Rating: White Cortina
Word Count: 635
Warnings: Gratuitous use of second person narrative. Possible OOCness for Gene. Angst with added kisses and cuddles, 'cause that's how I roll.
Notes: Yes, it's been done before, by plenty of writers light years better than me. But this bunny has been threatening to eat me alive. Also, I may be a little obsessed with Gene-whumping. *g* Title from Snow Patrol's Set Down Your Glass
When you make it into work one morning only to find your coat, your desk, your cabinet, that secret stash in Lost and Found and even the emergency one in the canteen completely devoid of booze, you know there’s only one person who could be responsible. You resolve to wring his neck the first chance you get. In the meantime, your head and stomach could really do with some hair of the dog, so you plunder Ray’s desk instead. Aha, the little bugger hasn’t thought to raid there, you’re pleased to see.
Later, once you’ve had a really good go at wrenching Sam’s head from his shoulders and he’s just managed to talk you down in that typically, unspeakably frustrating way he has, you reach a stalemate. Somehow he backs you into the corner of admitting you may have had a bit too much to drink last night, since you can’t feasibly argue otherwise when you have little to no memory of the event. Then he suggests you might actually have a problem, and this is where you really have to draw the line. Before you know it you’ve spent another half an hour yelling at each other before finally announcing that you’ll prove him wrong. You don’t have a problem, and you press the rest of Ray’s stash into Sam’s waiting arms with measured defiance. Ray protests, of course, but once Sam has trotted off with his precious burden you promise to reimburse him and order the rest of the gawking team back to work.
It goes well, for a while. You might smoke a little more to make up for it, but that’s only fair, right? Sam actually seems proud of you, when he’s not being overtly sceptical and checking every bin nearby for the evidence of foul play. You’re not proud of yourself. You feel like shit. But it makes Sam happy, so you grin and bear it for a time.
Until, that is, Sam goes and gets himself shot. You don’t bother with the hospital. You head straight for the nearest pub. It’s not because you’re scared. It’s just that Tyler’s such a stupid useless prick and you’re doing this to spite him.
When he gets out, drugged up to the gills and shivering like a weathervane in the wind, he comes to find you. He takes one look at the state of you and limps off, his head hung low. You want to go to him, wrap him up warm and tell him you’re sorry. But you’re Gene Hunt and you don’t have a problem.
The separation only makes things worse. You’re drinking more now than before this whole thing started and it’s all Sam’s fault. For sticking his nose in where it’s not wanted. For trying to fix things that aren’t broken.
He finds you again, a couple of weeks later, looking stronger and more determined. He has to come to you; you won’t go to him. He sits down with a glass for each of you and tells you not to listen to a word he says. You snort; tell him you figured that out on your own, thanks. You don’t touch the proffered drink. Sam doesn’t touch his either.

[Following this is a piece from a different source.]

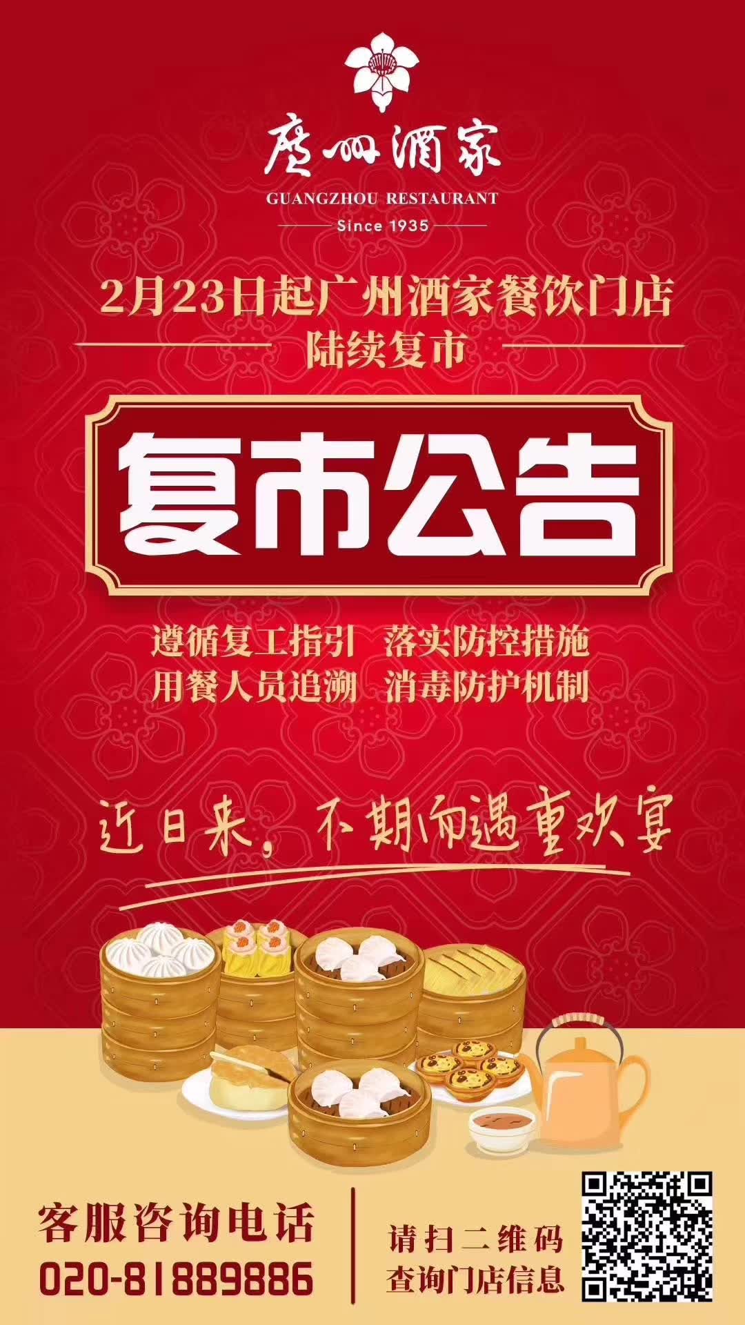 2月22日,广州酒家发布复市公告,从2月23日起广州酒家餐饮门店陆续复市。
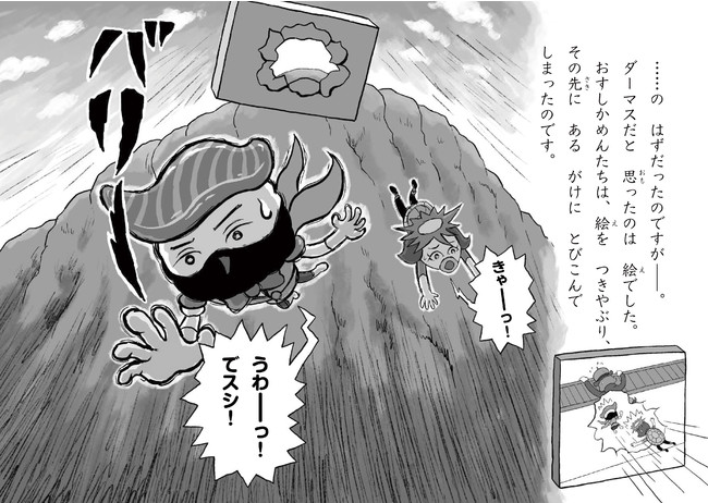 今回はほかにも「絵を使ったあそび」がモチーフとなっており、絵の上手な敵の怪盗ダーマスによる「まちがいさがし」をはじめ、読者の目もあざむく数々のしかけが用意されている。

Neither of you say a word as he leans in to kiss you, once on the forehead and once at the corner of your mouth. You’re relieved he goes no further – you haven’t brushed your teeth for days. But you pull him in against you, arms tight around his waist, chin pressed into his shoulder. Everything still feels like shit, but at least now you’re breathing better. He rubs his hands across your back in endless nonsensical patterns, doesn’t try to pull away before you’re ready to.
And that’s when you make a decision: you’ll handle this together.